Let the width of the rectangle be denoted by $w$, and the length of the rectangle be $l$.

According to the problem:

• The length is 22 inches more than twice the width:
  $l = 2w + 22$

We also know that the diagonal of the rectangle is given as 1313 inches. Using the Pythagorean theorem, we can relate the width, length, and diagonal as follows: $l^2 + w^2 = 1313^2$

Now, substitute $l = 2w + 22$ into the equation: $(2w + 22)^2 + w^2 = 1313^2$

We will now solve this equation to find the value of $w$, and subsequently calculate $l$.

First, expand $(2w + 22)^2$: $(2w + 22)^2 = 4w^2 + 88w + 484$

Now substitute back into the equation: $4w^2 + 88w + 484 + w^2 = 1313^2$

Simplify the equation: $5w^2 + 88w + 484 = 1723169$

Now, subtract 484 from both sides: $5w^2 + 88w = 1722685$

At this point, we can solve this quadratic equation. Let me calculate the value of $w$.The two solutions for the width $w$ are:

$w = \frac{-44 + \sqrt{8615361}}{5} \quad \text{or} \quad w = \frac{-44 - \sqrt{8615361}}{5}$

Since the width must be a positive value, we take the positive solution: $w = \frac{-44 + \sqrt{8615361}}{5}$

Let me calculate this value for $w$.The width $w$ of the rectangle is approximately $578.24$ inches.

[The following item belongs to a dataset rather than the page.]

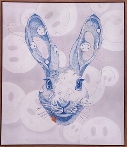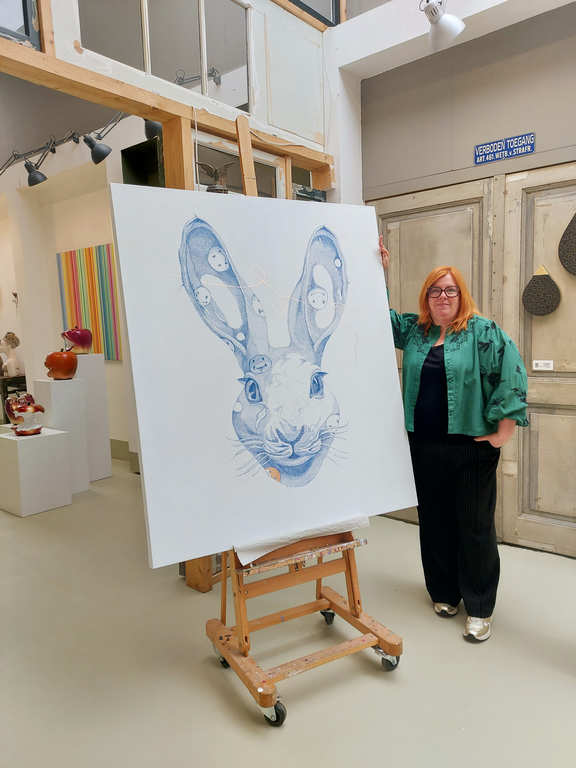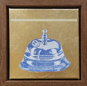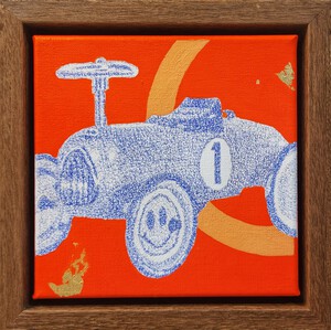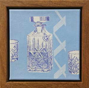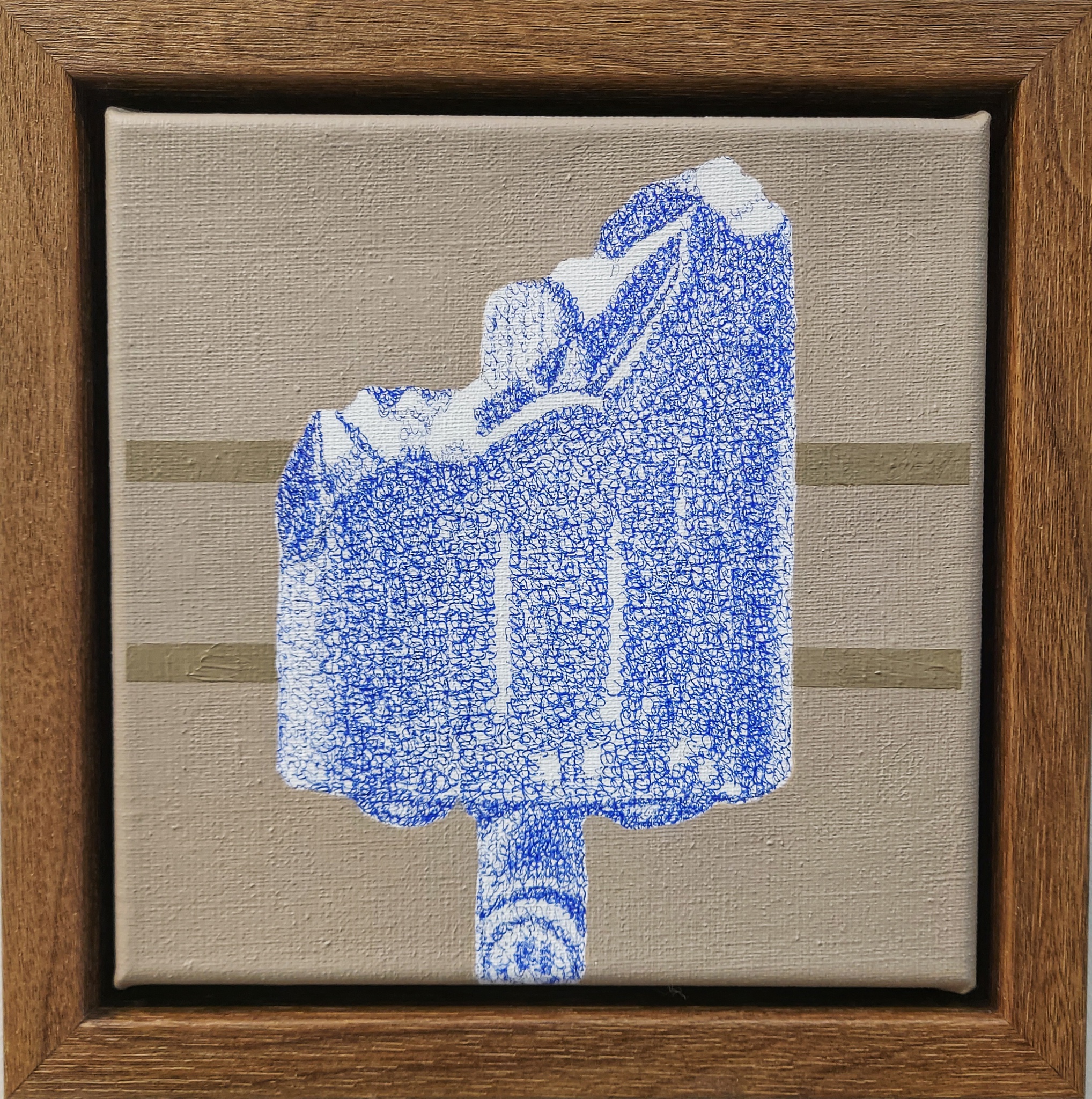 Ijsco, Mijmeringen, geschreven met blauwe BIC pennen op linnen. Gedachtes over momenten, items, verhalen, van toen, nu en in de toekomst. Een songtekst, een boodschappenlijstje, leuke woorden etc. Ingelijst met luxe houten lijst, kleur walnut. Incl lijst 25x25 cm. Excl lijst 20x20 cm.

Now, using the relation $l = 2w + 22$, let's calculate the length $l$.The length $l$ of the rectangle is approximately $1178.48$ inches.

Thus, the dimensions of the rectangle should be:

• Width: $578.24$ inches
• Length: $1178.48$ inches

Would you like further details or clarification?

Here are 5 related questions you might find interesting:

1. How does the Pythagorean theorem apply to non-right triangles?
2. Can you derive the quadratic formula from the standard form of a quadratic equation?
3. How would the problem change if the diagonal was a different length?
4. What if the length was described as 10 inches more than three times the width?
5. How would you calculate the perimeter of this rectangle?

Tip: Always ensure that the values you obtain in a word problem are reasonable based on the context before finalizing your answer.